When Susanna Moore gave a eulogy for old friend Joan Didion at her memorial in September, she spoke about some of the maxims Didion had given her. One of them was: “Stop running away.”
“Why would she say that?,” I ask the 77-year-old author, a magnetic woman with long silver hair cut by an iconic dark streak, remarkably elegant even over Zoom.
“It’s very hard for me to believe in stability. I’m quick to move. Maybe it’s more flattering to say I’m always in movement. But that’s, in a way, wriggling out of it. That’s making it sound romantic, adventuresome, brave … when in fact it’s about survival.”
“And have you stopped,” I ask, “running away?”
She looks down for a moment, considering the question. “No, I don’t think I have.”
A New Frontier
Susanna Moore is publishing her ninth novel, The Lost Wife, this coming week. And just as she’s not done running away, she’s not done pushing herself into radically new territory. In this case, the territory is the frontier: mid-19th-century Minnesota, with a story inspired by the historical account of Sarah F. Wakefield’s capture by Mdewakanton warriors during the Sioux Uprising of 1862.
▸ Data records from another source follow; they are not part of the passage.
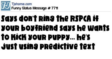 - # 21863 don't call the RSPCA if your boyfriend sends you the text 'i want to kick your puppy'......he's just using predictive text
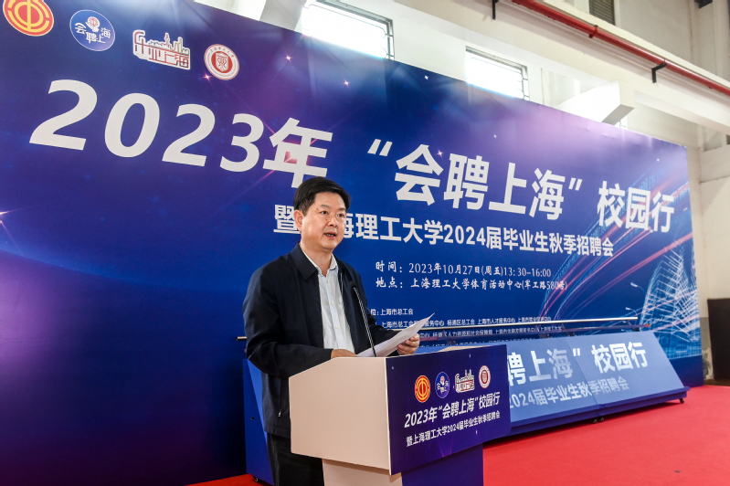 10月27日下午,2023年“会聘上海”校园行暨9001cc金沙以诚为本2024届毕业生秋季招聘会(第4场)在体育活动中心举办。上海市总工会副主席徐珲,杨浦区人大常委会副主任、区总工会主席董海明,校党委副书记孙跃东,上海市学生事务中心副主任周红星,上海市人才服务中心副主任潘雯丽等出席活动。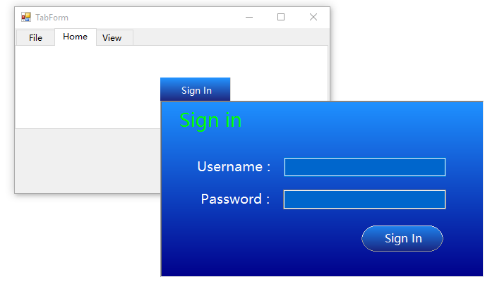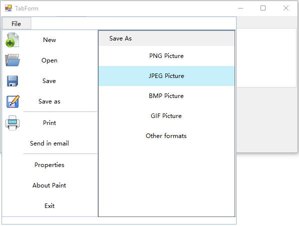 Actually, it is a TabControl, we all know. You can see that old Microsoft Office packages, like 2007,2010 etc. provided the RibbonBar with DropDownControl. Here, we already created our own DropDownControl. Now, it's the time to display DropDownControl with Tab. This can be achieved by setting first tab of TabControl (means index 0) to fixed for File option. Perform all the above actions except Step 5. Replace Step 5 to the following:

“During the pandemic I was, like everyone, isolated. I found myself reading captivity narratives,” she says, when I ask her how the idea for the book came to her. “They were almost all written by women, mostly in the 17th and 18th century, taking place in the Northeast. Women captured from small towns. Many of them died. Many of them were held for ransom, and some chose to stay with their captors. They married, had children, would not return.
“Sarah’s story was different. It was much later, mid-19th century, and during the Civil War. There were trains. It was the West, which was unusual. And as I was reading her journal, I found that I didn’t quite believe her. I knew she was lying.”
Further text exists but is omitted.